Multislice forward modeling of coherent surface scattering imaging on surface and interfacial structures

Abstract

To study nanostructures on substrates, surface-sensitive reflection-geometry scattering techniques such as grazing incident small angle X-ray scattering are commonly used to yield an averaged statistical structural information of the surface sample. Grazing incidence geometry can probe the absolute three-dimensional structural morphology of the sample if a highly coherent beam is used. Coherent surface scattering imaging (CSSI) is a powerful yet non-invasive technique similar to coherent X-ray diffractive imaging (CDI) but performed at small angles and grazing-incidence reflection geometry. A challenge with CSSI is that conventional CDI reconstruction techniques cannot be directly applied to CSSI because the Fourier-transform-based forward models cannot reproduce the dynamical scattering phenomenon near the critical angle of total external reflection of the substrate-supported samples.
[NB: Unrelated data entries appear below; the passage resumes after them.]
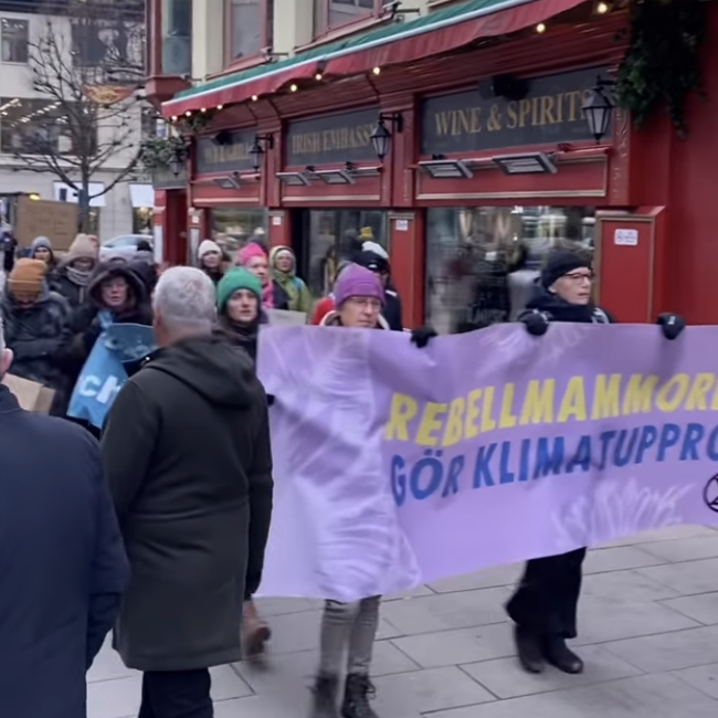 Rebellmammorna i Stockholm marscherade tillsammans med Fridays For Future den 3 mars 2023, i protest mot bankernas finansiering av fossilindustrin.
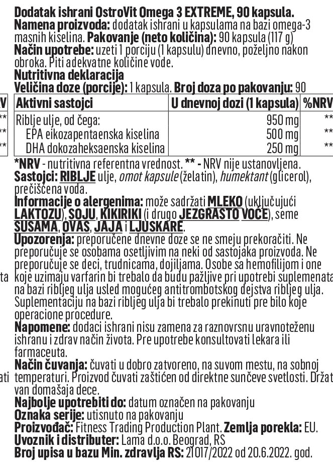 OSTROVIT Omega 3 Extreme, 90 kapsula
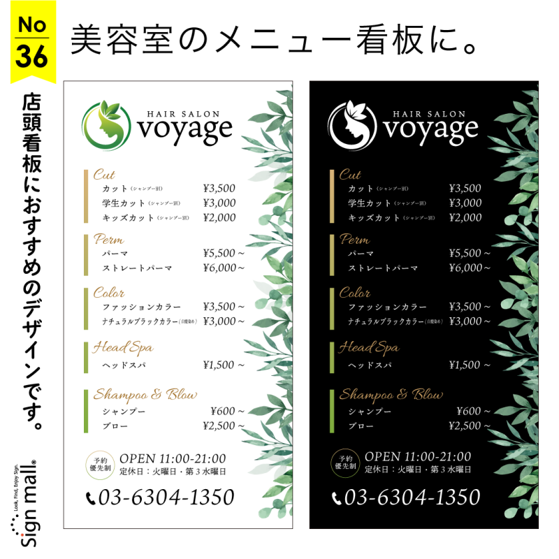 白色の看板にはナチュラルテイストが高まり、黒い看板ではグリーンが引き立ちデザインにインパクを与えます。
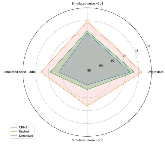 To verify the robustness of the models, we conducted systematic experiments on the three improved models. Specifically, we applied simulated noise of different decibels to the test set data to evaluate their noise resistance capabilities. The experimental results are shown in Figure 13 and Table 9. In these experiments, the noise levels increased from 0 dB to 6 dB to observe the models’ performance under different noise levels. The experimental results showed that the accuracy of all three models did not significantly decrease in noise environments below 4 dB. This indicates that they have good robustness under low noise conditions. However, when the noise level increased to 6 dB, the performance of CNN3 and DenseNet significantly declined, while the ResNet model maintained high accuracy even at 6 dB noise, demonstrating the best noise resistance capability. These results provide important information for assessing the reliability of the improved models in practical applications. It is worth noting that to ensure the fairness of the experiment, we added the same decibels of noise to all three sensors. In actual conditions, the current signal is minimally affected by the environment, so the models’ robustness would theoretically be better than the experimental results.

To overcome this challenge, we have developed a multislice forward model which can successfully simulate the dynamical or multi-beam scattering generated from surface structures and the underlying substrate. The forward model is also demonstrated to be able to reconstruct an elongated 3D pattern from a single shot scattering image in the CSSI geometry through fast-performing CUDA-assisted PyTorch optimization with automatic differentiation.